Pada 14 Maret 1862 beliau dinobatkan sebagai pimpinan pemerintahan
tertinggi di Kesultanan Banjar (Sultan Banjar) dengan menyandang gelar
Panembahan Amiruddin Khalifatul Mukminin dihadapan para kepala suku
Dayak dan adipati (gubernur) penguasa wilayah Dusun Atas, Kapuas dan
Kahayan yaitu Tumenggung Surapati/Tumenggung Yang Pati Jaya Raja.
Silsilah
Semasa muda nama beliau adalah Gusti Inu Kartapati. Ayah Pangeran
Antasari adalah Pangeran Masohut (Mas'ud) bin Pangeran Amir bin Sultan
Muhammad Aminullah.[3] Ibunya Gusti Hadijah binti Sultan Sulaiman.
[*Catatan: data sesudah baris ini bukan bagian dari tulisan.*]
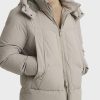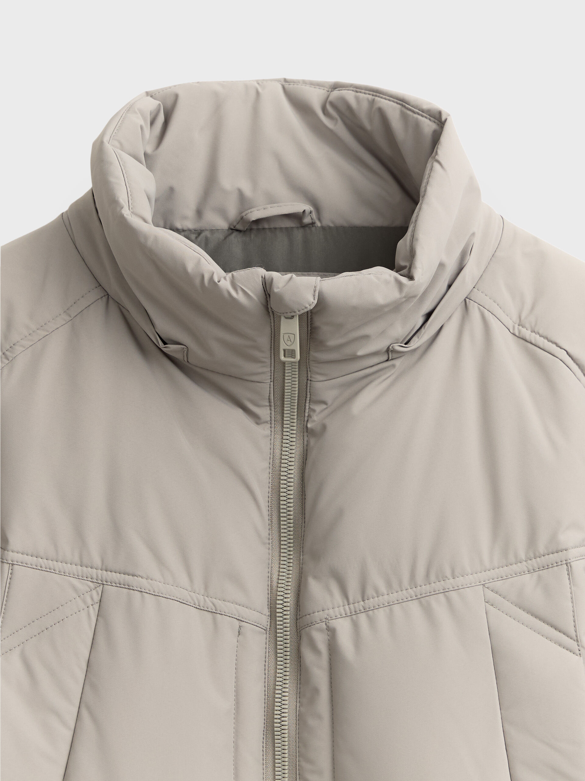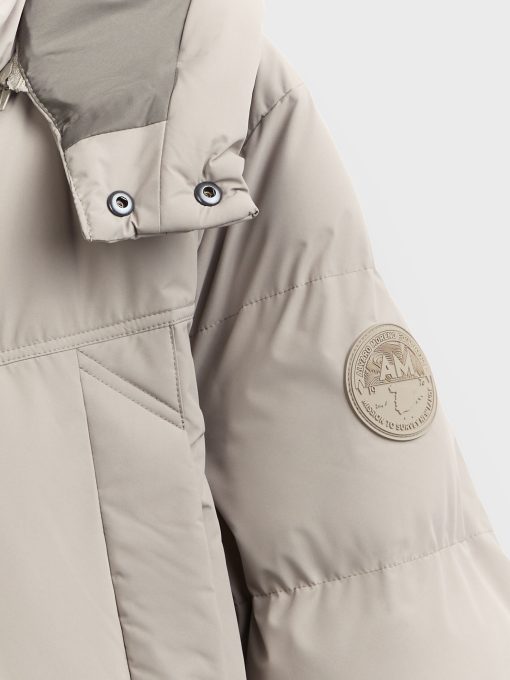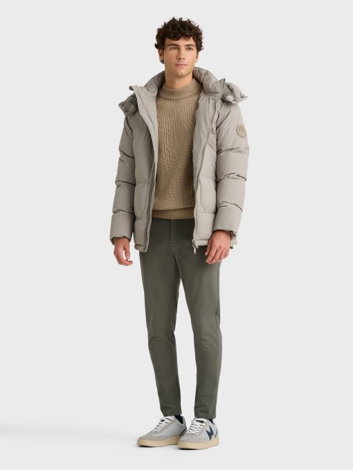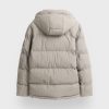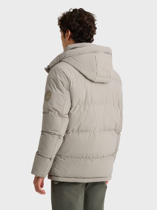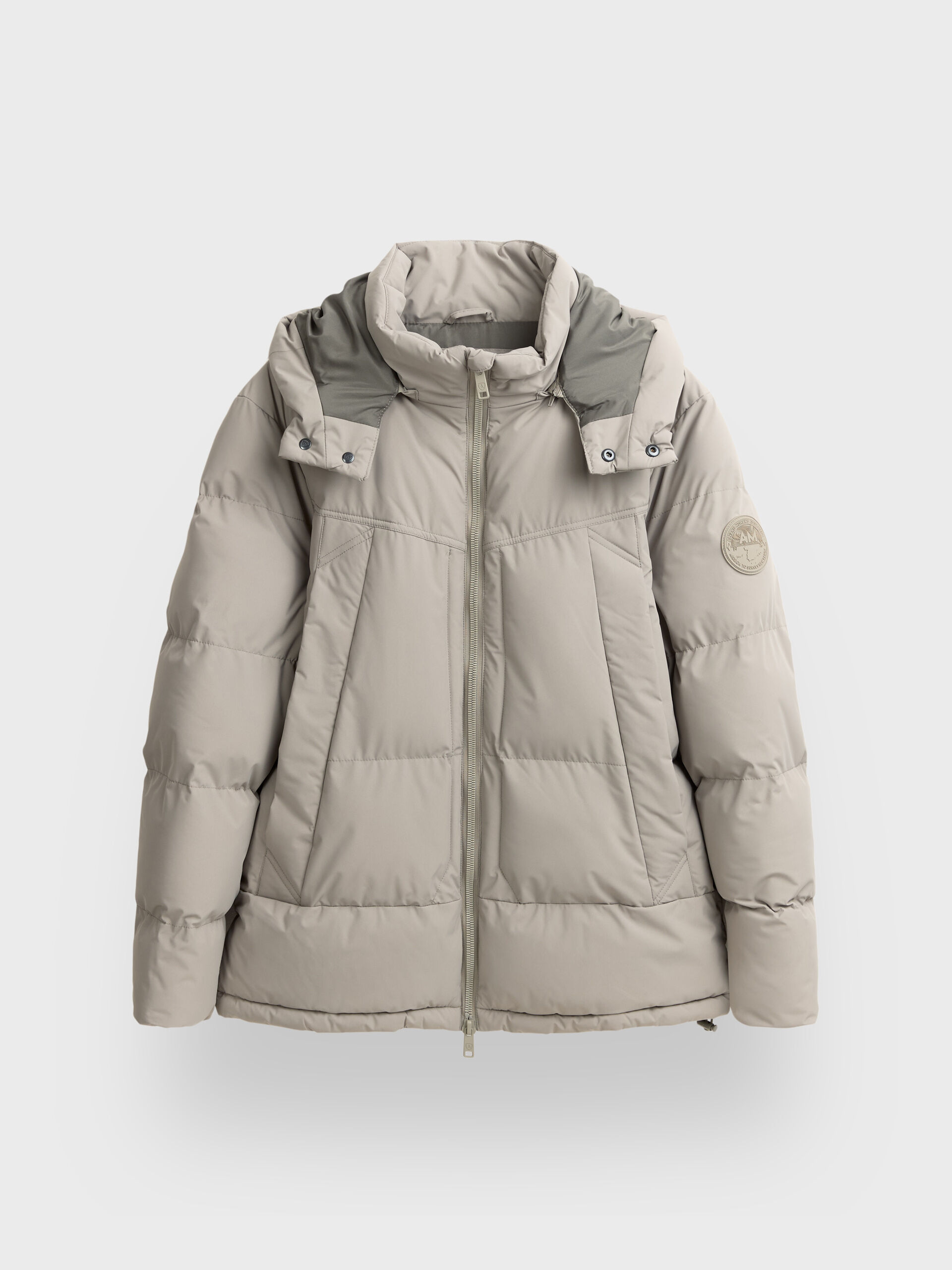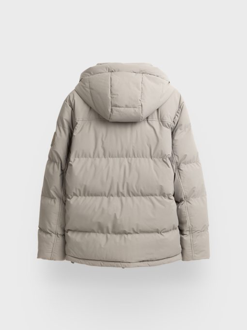 Parka acolchada de corte regular fit con gorro desmontable. Cierre central mediante cremallera, manga larga con detalle personalizado en una de ellas y dos amplios bolsillos frontales. Bajo con ajuste mediante elástico.

Pangeran Antasari mempunyai adik perempuan yang bernama Ratu
Antasari/Ratu Sultan yang menikah dengan Sultan Muda Abdurrahman tetapi
meninggal lebih dulu sebelum memberi keturunan.
Pangeran Antsari memiliki 3 putera dan 8 puteri. [4]
[sunting] Pangeran Antasari menjadi Pewaris Kerajaan Banjar
Pangeran Antasari tidak hanya dianggap sebagai pemimpin Suku Banjar,
beliau juga merupakan pemimpin Suku Ngaju, Maanyan, Siang, Sihong,
Kutai, Pasir, Murung, Bakumpai dan beberapa suku lainya yang berdiam di
kawasan dan pedalaman atau sepanjang Sungai Barito.
Setelah Sultan Hidayatullah ditipu belanda dengan terlebih dahulu
menyandera Ratu Siti (Ibunda Pangeran Hidayatullah) dan kemudian
diasingkan ke Cianjur, maka perjuangan rakyat Banjar dilanjutkan pula
oleh Pangeran Antasari. Sebagai salah satu pemimpin rakyat yang penuh
dedikasi maupun sebagai sepupu dari pewaris kesultanan Banjar. Untuk
mengokohkan kedudukannya sebagai pemimpin perjuangan umat Islam
tertinggi di Banjar bagian utara (Muara Teweh dan sekitarnya), maka
pada tanggal 14 Maret 1862, bertepatan dengan 13 Ramadhan 1278 Hijriah,
dimulai dengan seruan:
“ Hidup untuk Allah dan Mati untuk Allah! ”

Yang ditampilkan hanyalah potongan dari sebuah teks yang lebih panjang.